If I do my "max" benchpress routine, working with heavy weight to failure, I may not do it again for about a week. I also do different benchpress routines, occasionally, light weight/max reps, medium weight/high speed, different grips, etc., not all of they routines will make me sore the next day. Same applies to my other excercises.

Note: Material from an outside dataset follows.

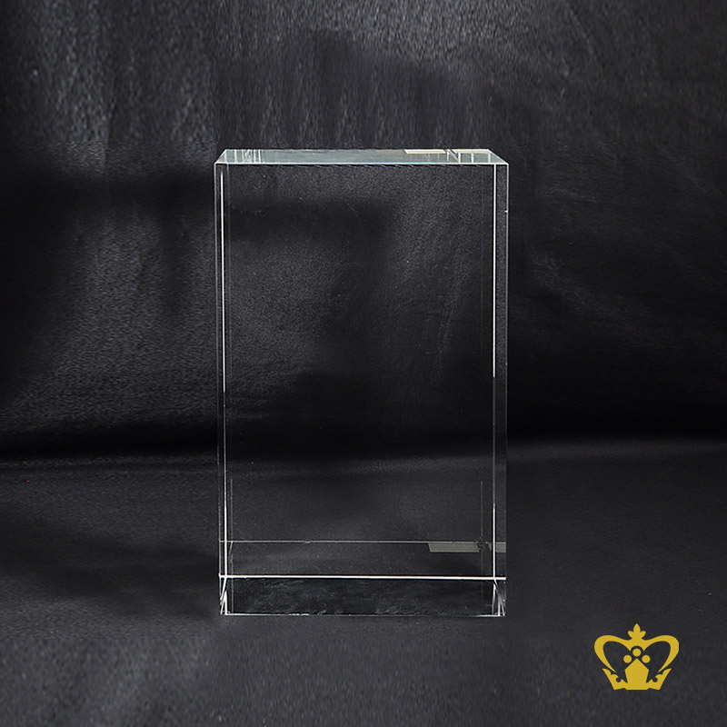 The crystal cube measures 300x230x100 MM & can brilliantly accommodate 3D & 2D images. You can personalize this crystal cube or rectangular crystal block by engrave your own photo, logo, text, design or any ideas. Click on customize button and upload your image or text and buy online, you can also click on enquiry button we will respond as soon as we can. To produce a 3D crystal, firstly our designers transform any of your ordinary photographs into amazingly 3D images. Then it imprinted or engraved in glass cube using our precision laser technology in crystal cube. 3D crystal cube or blocks are often used for 3D or 2D crystal portraits and given as gifts for wedding, birthdays, Valentine's Day, mother's day, father's day, graduation, convocation , remembrance, memorial or anniversary gift. There are also great corporate or business gifts for recognition awards, promotional paperweights and event mementos. Corporate logos laser engraved inside of the crystal make elegant client and employee gifts. These laser crystals accommodate 3D layered designs where text and image can be engraved at different depths in the crystal. You can add an optional light base and the interaction of the white LED light with the engraving creates bright and sparkling 3D keepsake.

I rarely spend more than 20 minutes per day lifting, genetically strenght is not my problem. To make the most of my time on a normal day. I start with a light weight to get loose, make sure I am set up correctlly, test full range of motion, etc.. Then set two I go to a weight were I can do 10 to 12 reps, set three I add weight to do about 5 to 6 reps, set 4 I add weight to do about 3 reps, set 5, take weight of to about 5 to 6 reps, final set I take weight of and do about 10 reps., As I get fatiged I really concentrate on full range of motion and control. I don't take much rest between sets, this also helps keep my heart rate up (cardio is my weakness, and I use a heart rate monitor). I mostly do excercises that work multiple muscle groups at once. What I do works for me, I don't suggest orther do what I do or that it will work best for them.

Another example about soreness, I used to play basketball a few times a week, never got sore after playing. Now when I play, I get sore, because I don't play regullarly. Another example; I don't play golf, but I went to a driving range with a buddy and hit a bucket of balls - I got sore the next day, he didn't but he never goes to the gym but does play alot of golf.

My goal is just to be healthy and I enjoy running and lifting, I don't want to be a pro athlete, or Mr. America, I push hard but I am not over doing it.